Upon returning from Katyn, neither Captain Stewart nor Lt. Col. Van Vliet Jr., mentioned anything about their observations and experiences during their visit to the Katyn Forest Burial Site.

Captain Stewart was a code user registered with military intelligence. Letters that he wrote home to family while at Szubin secretly contained information that would be of use to American military intelligence. In some of these letters, he communicated that the German claims that the Soviets were responsible for the Katyn Massacre were correct.

While at Szubin, Captain Stewart was in charge of caring for and hiding various items that could be used by the prisoners who were working on escape plans. He was awarded the Bronze Star for his clever efforts. None of his hidden items were ever found, even when searches were conducted by the Gestapo.

Late in the war, as the Red Army approached from the east, and the Allied Forces advanced from the west, it was apparent that the war would soon end. Survival was not guaranteed. Being liberated by the Red Army was not an option, since the Soviets would likely kill him because of his knowledge of the Katyn Massacre.

Oflag 64, January 1944;l-r: Capt. Donald B. Stewart, Capt. James Barker, 1st Lt William E. Rudell, 2nd Lt Wilbur B. Sharpe, 2nd Lt Joseph E. Seringer.

When the camp at Szubin was evacuated, the POWs were split into two groups. One group containing the least healthy prisoners was headed by Lt. Col. Van Vliet and traveled by train from Stolpe auf Usedom to Luckenwalde. The other group, headed by Captain Stewart, marched out. Neither option was good. The Allies had long range fighters that would make strafing runs on trains. As to the march, it was winter – the ground was frozen and there was snow. Both groups reached their destinations.


Donald Stewart and John Van Vliet Jr. testified at the Madden Commission confirming their beliefs that the Soviets were responsible for the Katyn Massacre. Congressman Dondero, who had nominated Donald Stewart for an appointment to West Point, was a member of the Madden Commission. Donald Stewart and his wife left Washington, DC that evening after his testimony was completed. They were put on a train to get them out of the area as quickly as possible to prevent the press from talking to him.

April 19, 1970 edition of the Chicago Tribune Sunday Magazine.

Under orders not to talk about Katyn, Donald Stewart did not talk about Katyn (violating the orders not to talk could have cost him his military pension). The orders remained in effect even after he retired in 1968 as a Lieutenant Colonel. The orders were finally rescinded after the Katyn Massacre was a feature story in the April 19, 1970 edition of the Chicago Tribune Sunday Magazine.
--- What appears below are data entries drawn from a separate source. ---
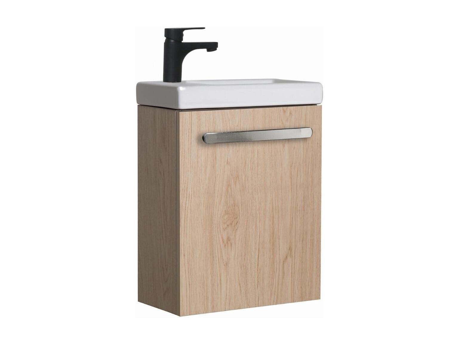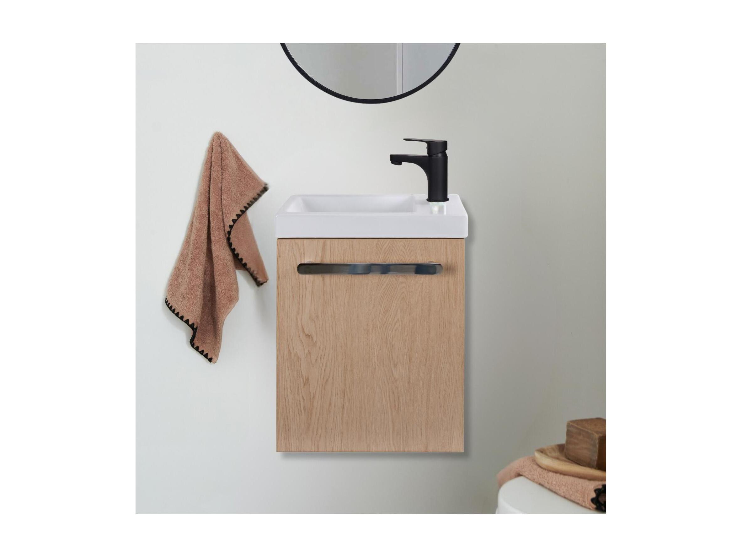 Mob In vous présente l'ensemble lave-mains NEVADA accompagné d'un robinet noir. Il est fabriqué en panneaux de particules mélaminés (PPM) et possède un espace de rangement équipé d'une étagère ainsi que d'une porte réversible avec une poignée en métal. Sa vasque est en résine de synthèse.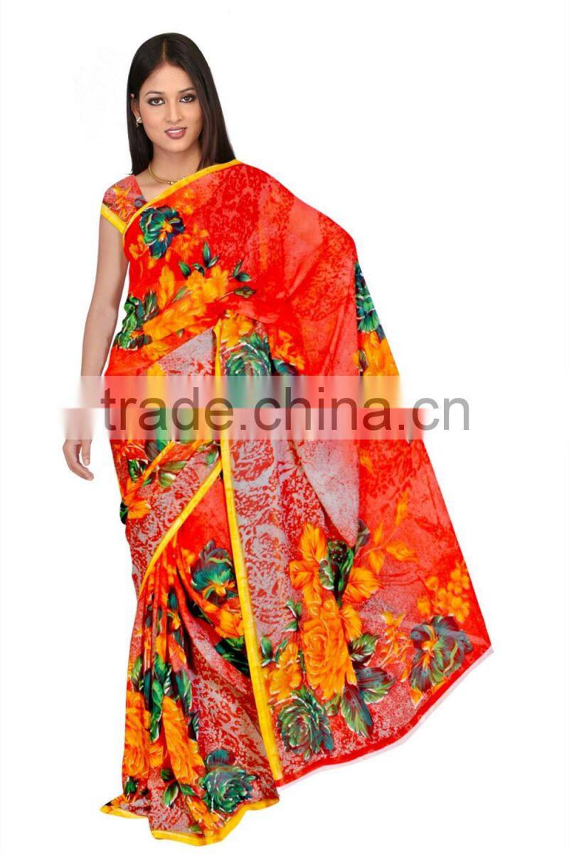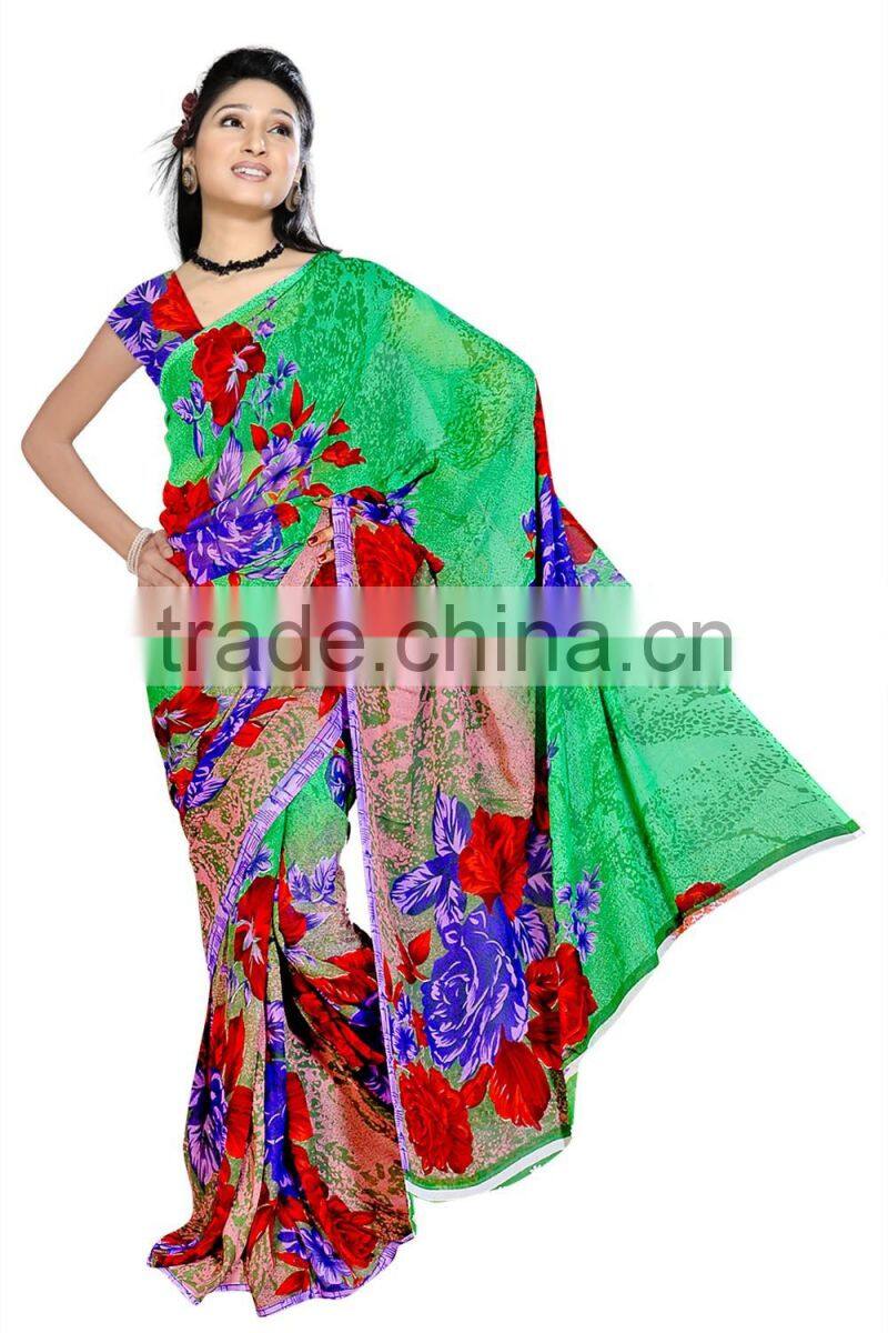 This Eye-Catching Elegant Is Perfect for Any Occasion.This Printed  Machine to Made by Designer Print Saree Keeps Ahead in the Fashionable Saree industry.This Mix  Color On Polyester / Georgette full saree with  blouse , Saree is an Original SitatexFashions design .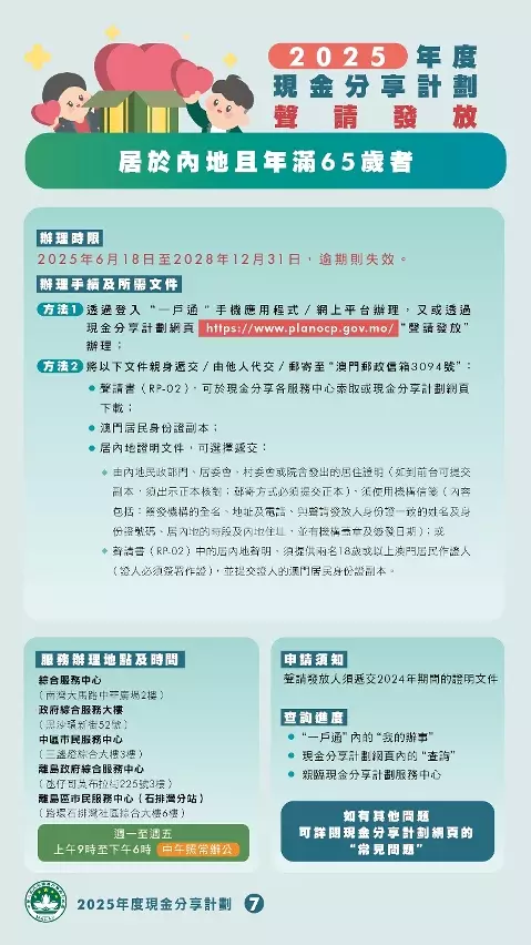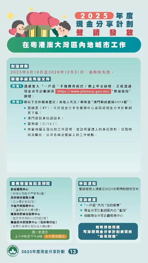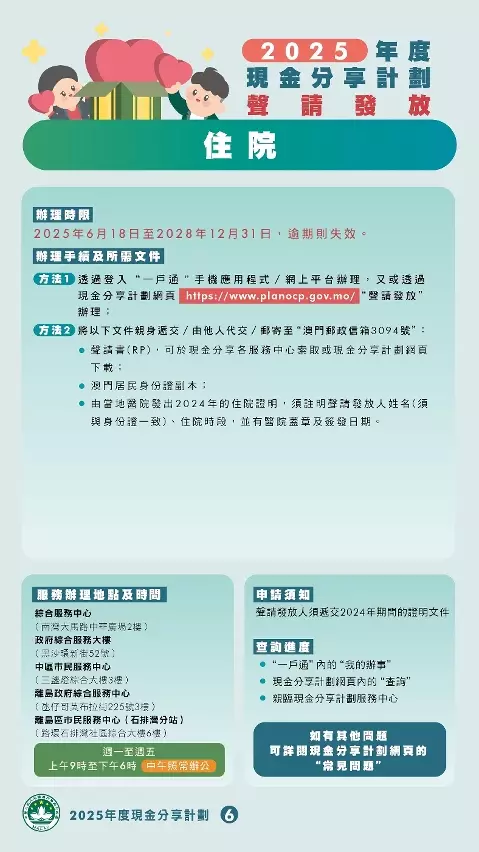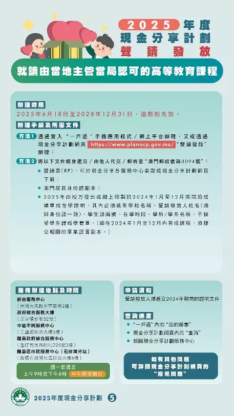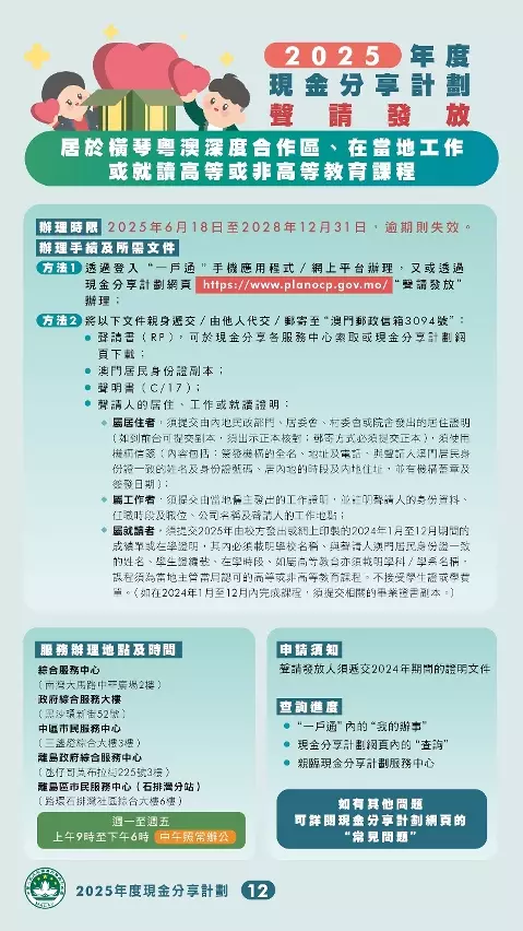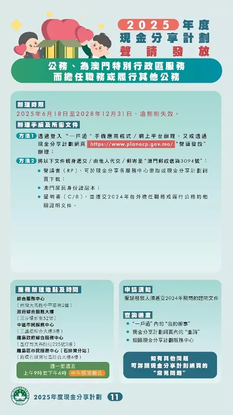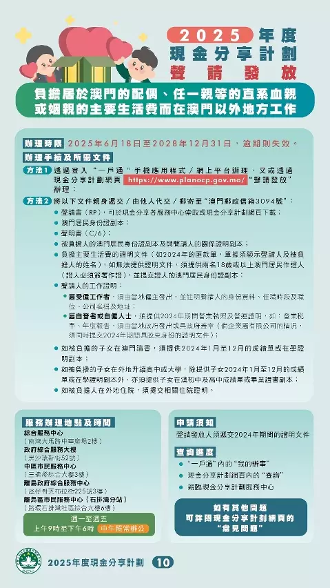 2025年度現金分享計劃-發放時間表。澳門政府新聞局圖片
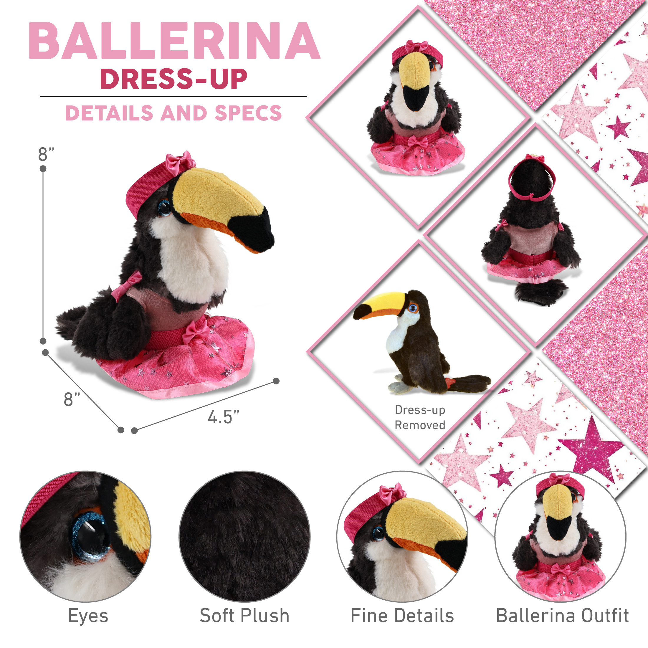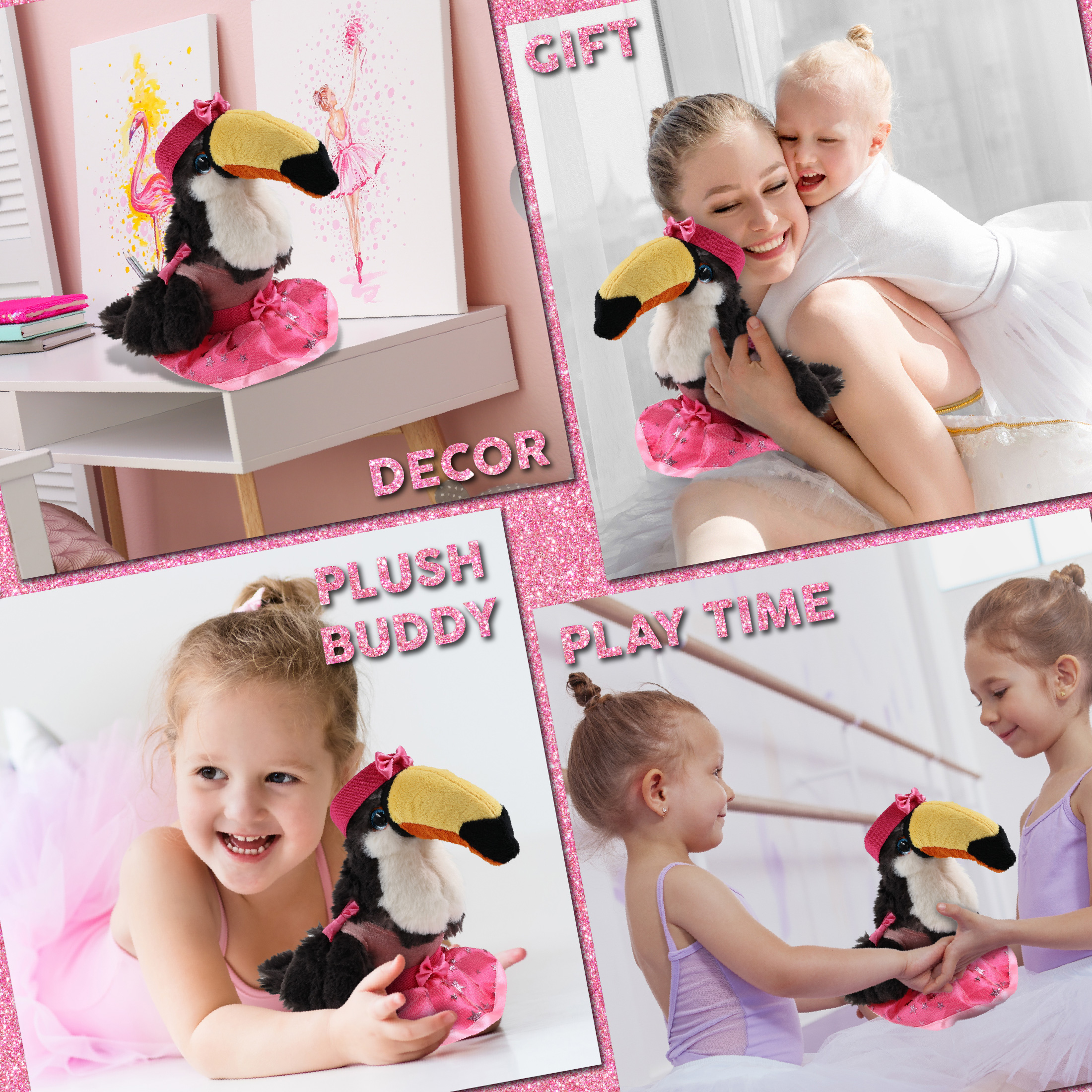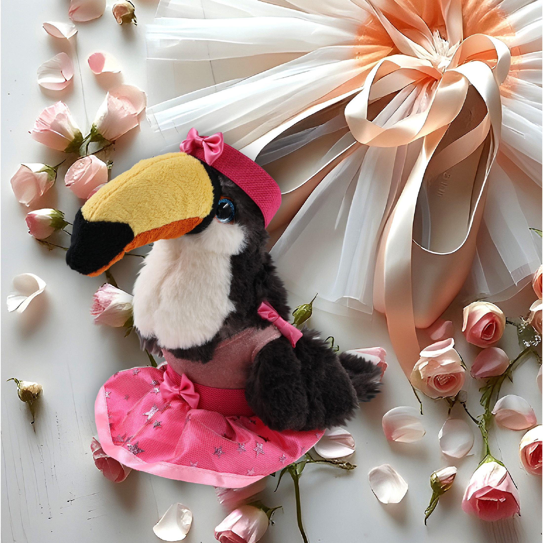 - Ballerina-Themed Stuffed Animal toucan Doll Features a Unique Combination of Animals and Ballet – It features a cute toucan plush with adorable pink ballerina clothes. The stuffed animal toucan plush toy features a soft plush all over and a set of pink ballerina dress complete with a pink ribbon headband, tutu skirt, and a sleeveless top, making it a cute ballerina stuffy doll little dancers will enjoy to play and collect.

However, he was never told not to talk about letters that he had written as a POW to his mother – letters that had long ago been cleared by military code users and censors, and delivered to his mother. There is only one letter that my father, Donald Stewart, told me about when I was a child growing up. It was the code letter in which he stated that the German claims that the Soviets were responsible for the Katyn Massacre were correct. He told me about that letter several times, although he never mentioned that it was a code letter.

Still picture from the video tapes of interviews of Colonel John Van Vliet, Jr., and Capt. Donald Stewart, U.S. Army, German prisoners in World War II, relating to their participation in a German-organized committee to investigate the Katyn Forest massacre, 1980. 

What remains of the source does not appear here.